Mirum Pharmaceuticals announced that Livmarli oral solution met its primary endpoint in the Phase III MARCH study in young patients with progressive familial intrahepatic cholestasis.
Therapeutic wins for rare liver diseases are becoming common of late as Mirum Pharmaceuticals’ Livmarli (maralixibat) oral solution met its primary endpoint in a Phase III study in progressive familial intrahepatic cholestasis (PFIC).
This comes just two weeks after competitor Albireo announced a similar victory.
In 31 patients with PFIC subtype 2, treatment with Livmarli led to a 1.7-point decrease in scores in the caregiver-completed ItchRO, a tool used to evaluate the impact of itching in pediatric cases of cholestasis, Mirum announced Monday.
Scores dropped by 0.6 points in the placebo group. The 1-point treatment difference was statistically significant, with a p-value of 0.0098.
Livmarli also resulted in a significantly greater reduction in serum bile acid levels compared to placebo.
“A 1.0 change is considered to be clinically meaningful on the ItchRO(Obs) 0-4 scale,” Pam Vig, Ph.D., head of R&D at Mirum, told BioSpace. “We saw a 1.8-point reduction across all PFIC types. This is a very meaningful treatment effect. Additionally, we saw 62% of patients who achieved a score of 1 or less, meaning they had little to no itch - basically resolving their itch.”
PFIC is a rare, progressive, genetic liver disorder characterized by bile build-up, which leads to liver damage. An important symptom of PFIC is severe itching (pruritus), which compromises quality of life and often interferes with sleep.
On Monday, Chris Peetz, president and chief executive officer of Mirum, told investors the company “will move rapidly towards regulatory filings for PFIC.”
The Phase III MARCH study is a randomized, quadruple-masked and parallel trial enrolling 93 patients aged one to 17 with a broad range of PFIC subtypes.
Mirum also evaluated Livmarli in all 64 PFIC patients, including those with other subtypes. The drug demonstrated a 1.2-point treatment effect compared with placebo, indicative of significantly better itch control.
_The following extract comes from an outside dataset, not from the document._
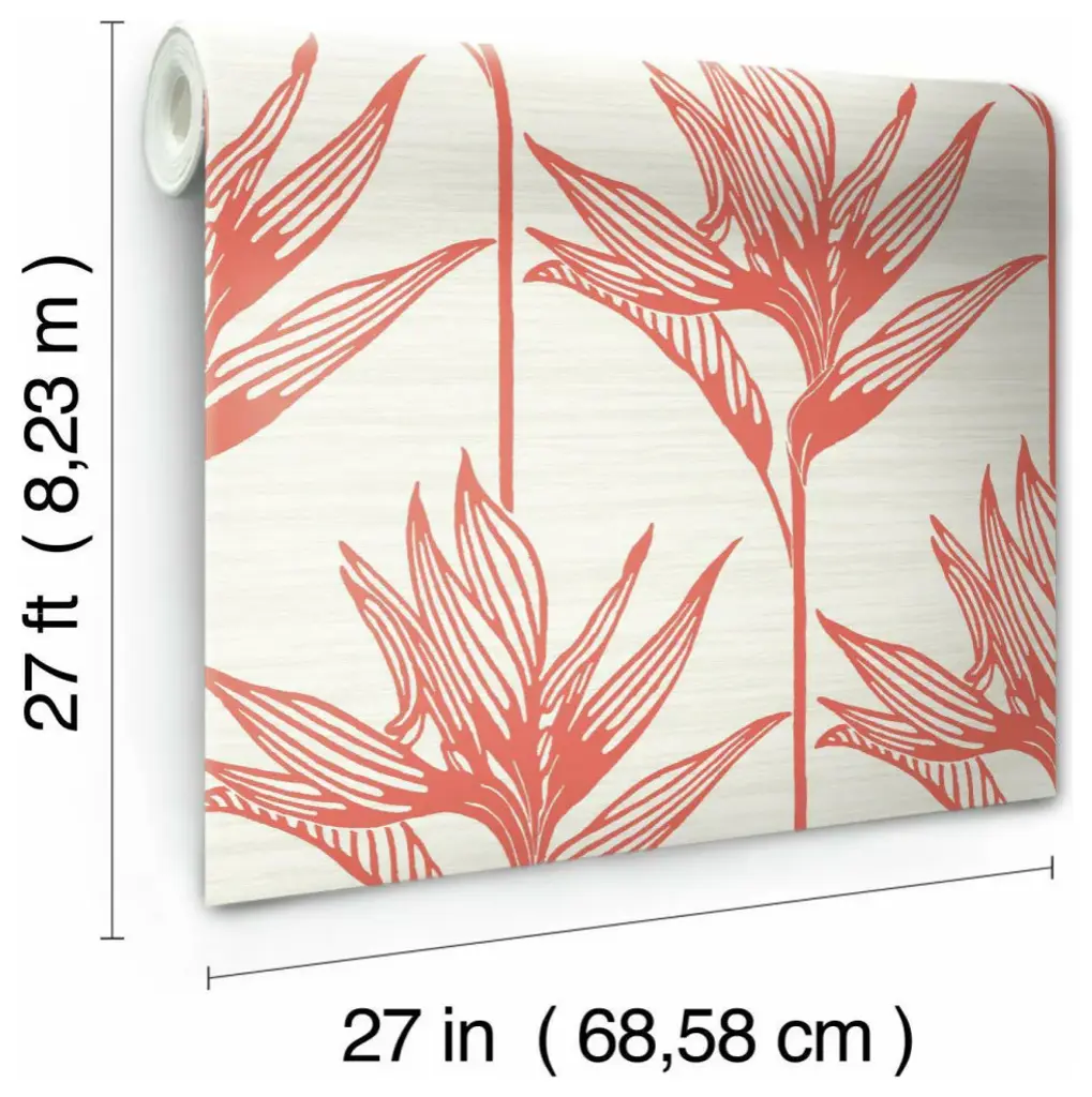 Tropical style is much more than untamed gardens of exotic beauty. It is the embodiment of modern affluent lifestyle and leisure. Manufactured on Sure Strip�, a unique high performance substrate, this ultra-easy removable wallpaper is guaranteed easy to install and easy to remove; simply use water to activate. The oversized modern silhouette of pattern Bird of Paradise gives this iconic tropical flower urban sophistication. Includes 1 roll - 27 in x 27 ft = 60.75 sq ft with a drop match and 25.25 in repeat.

Livmarli’s safety was assessed in the full study sample, including supplemental patients who had undergone surgery before enrolment and those who had truncating mutations. All Livmarli-treated participants developed treatment-emergent adverse events, of which three and five were deemed to be severe and serious, respectively.
One Livmarli patient dropped out of the study due to the drug’s side effects, while no deaths linked to toxicities were reported. Diarrhea was the most common adverse event.
During the investor call, Pamela Vig, Ph.D., head of R&D at Mirum, said the consistent pruritus treatment effect in the full study sample “is a remarkable result given the heterogeneity of the population.
Vig called the overall magnitude of serum bile acid and pruritus response observed across all cohorts “unprecedented.”
The proportion of patients who achieved the serum bile acid threshold, which is predictive of transplant-free survival, has gone from one-third to over half, she added.
Mirum plans to make their regulatory submissions for Livmarli in this indication early next year.
Albireo’s Alagille Syndrome Win
Earlier this month, Albireo posted positive Phase III results for its Bylvay in Alagille syndrome, a genetic disease that affects not only the liver but also other organs, including the eyes, heart and kidneys.
As in the case of PFIC, a major symptom of Alagille syndrome is severe itching.
Similar to Mirum’s Livmarli, patients treated with Blyvay saw a rapid and sustained drop in symptoms of pruritus, as well as in bile acid levels. Bylvay has already been approved by the FDA for PFIC. Meanwhile, Livmarli remains the only FDA-approved drug for pruritus in Alagille syndrome.